> [GOAL OF THE EXERCISE]: Copy from the first line below down to and including the line with "I did an online". Skip the pictures.
GIVEN DATA Start Marker
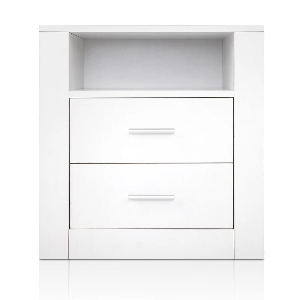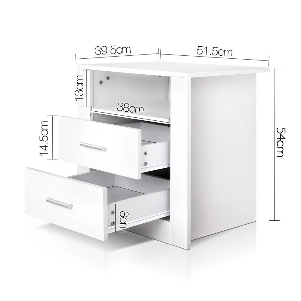 Retro Bedside Table with Drawers White
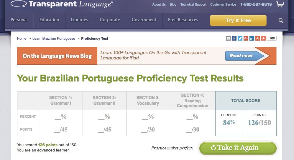 I did an online Portuguese placement test and scored 126/150, or 84%! The test placed me as an advanced learner! Maybe I am a B2 after all! Though I really only feel like a B1.
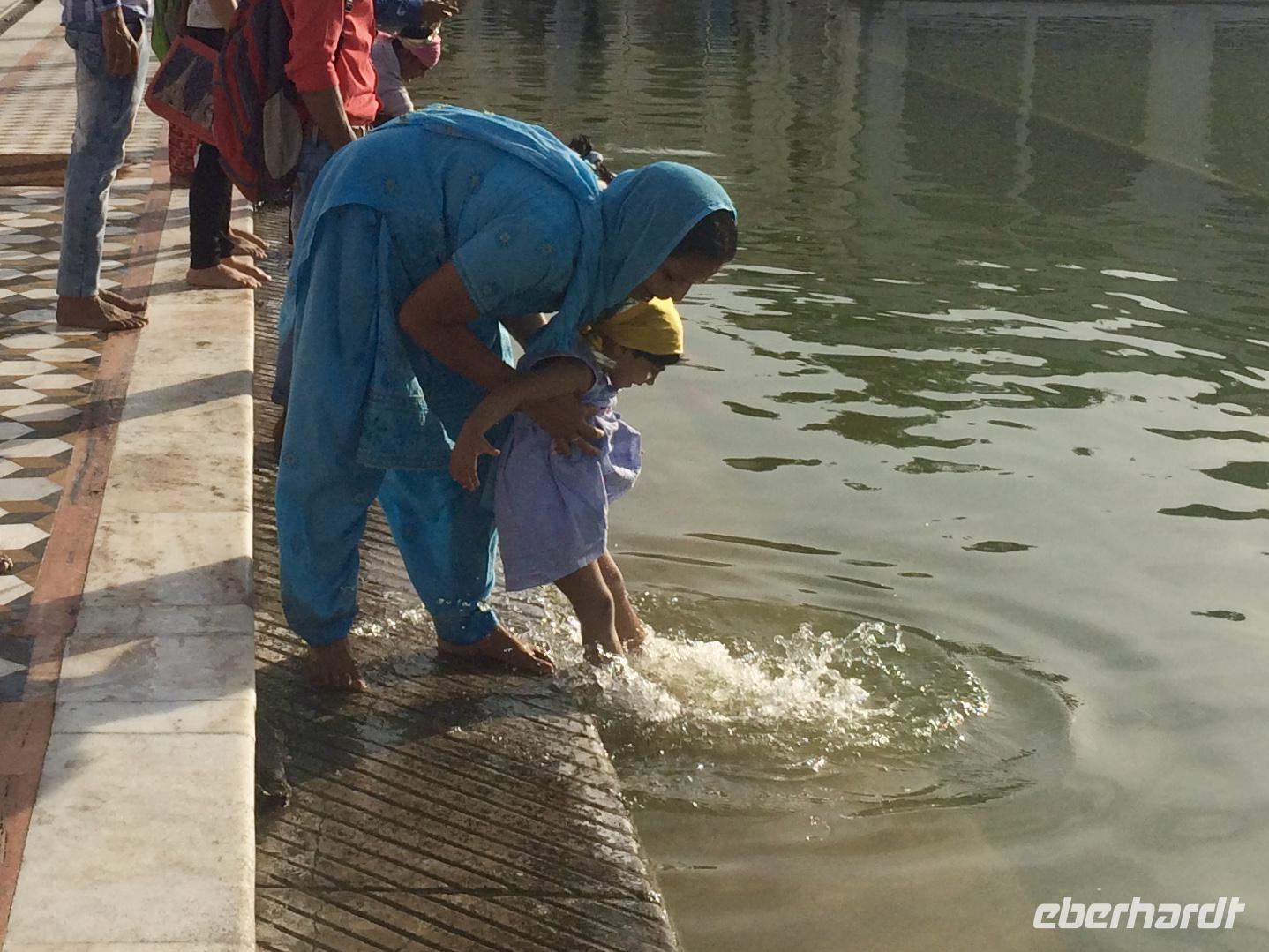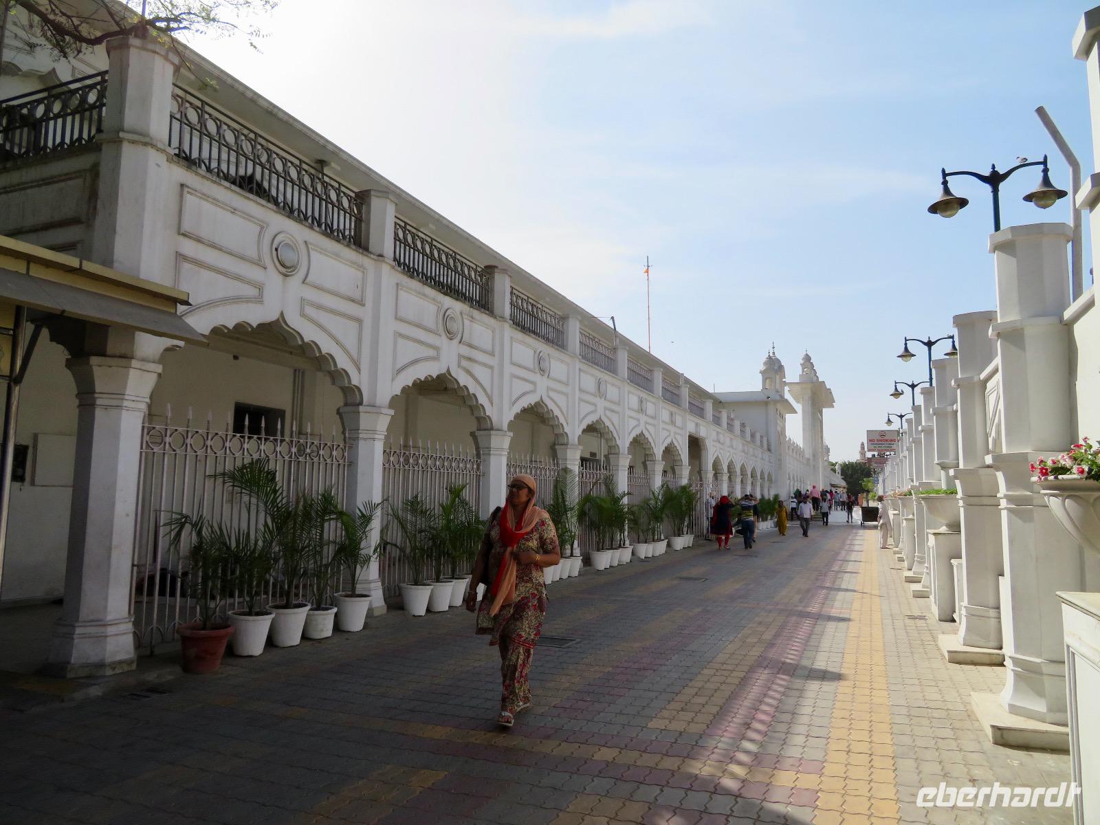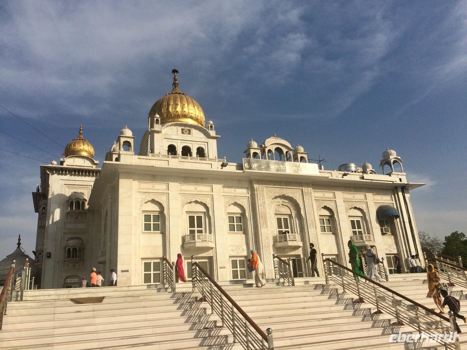Die Höhepunkte sind noch nicht vorbei, denn Bhawani zeigt uns nun den Gurdwara Bangla Sahib, dem größten Sikh-Tempel in Delhi. Doch er ist nicht nur irgendein Tempel. Mit gesonderter Kopfbedeckung und barfuß dürfen wir hinter die Kulissen blicken. Die Großküche beköstigt täglich tausende von Menschen. Jeder der es wollte, kann kommen. Natürlich gibt es aus religiösen Gründen kein Fleisch, sondern nur vegetarische Angebote, aber diese werden von zahlreichen Freiwilligen sowie den den Besuchern des Tempels selbst gekocht und zubereitet. Vorbei an Teigknetflächen, großen Suppenschalen, Essenden und Kochenden, sind wir bald mitten drin im Geschehen und können selbst den Teig für das bekannte Naanbrot kneten und ausrollen. Später besuchen wir den eigentlichen Tempel und lauschen einer dortigen Zeremonie. Die Spiritualität erfüllt alle Räume und erfüllt auch unsere Sinne mit Begeisterung.
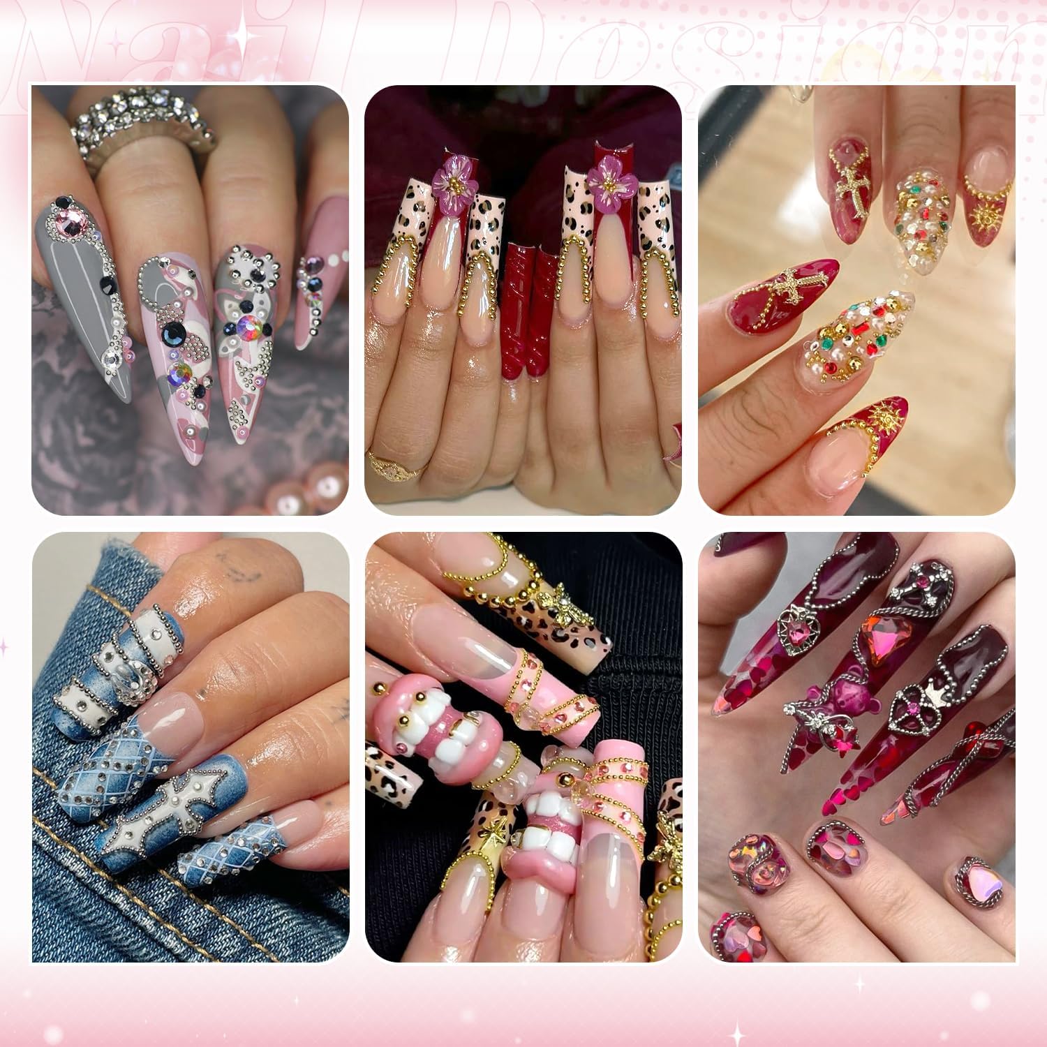 - Easy to Use -- These charms are easy to apply on natural or artificial nails by cleaning the nail surface, applying glue gel, then placing the charms with tools. Use a UV/LED lamp to cure for 60-90s. Do remember apply a top coat on them for long-lasting shine
GIVEN DATA End Marker
> [WRITTEN ANSWER]:
 Retro Bedside Table with Drawers White
 I did an online Portuguese placement test and scored 126/150, or 84%! The test placed me as an advanced learner! Maybe I am a B2 after all! Though I really only feel like a B1.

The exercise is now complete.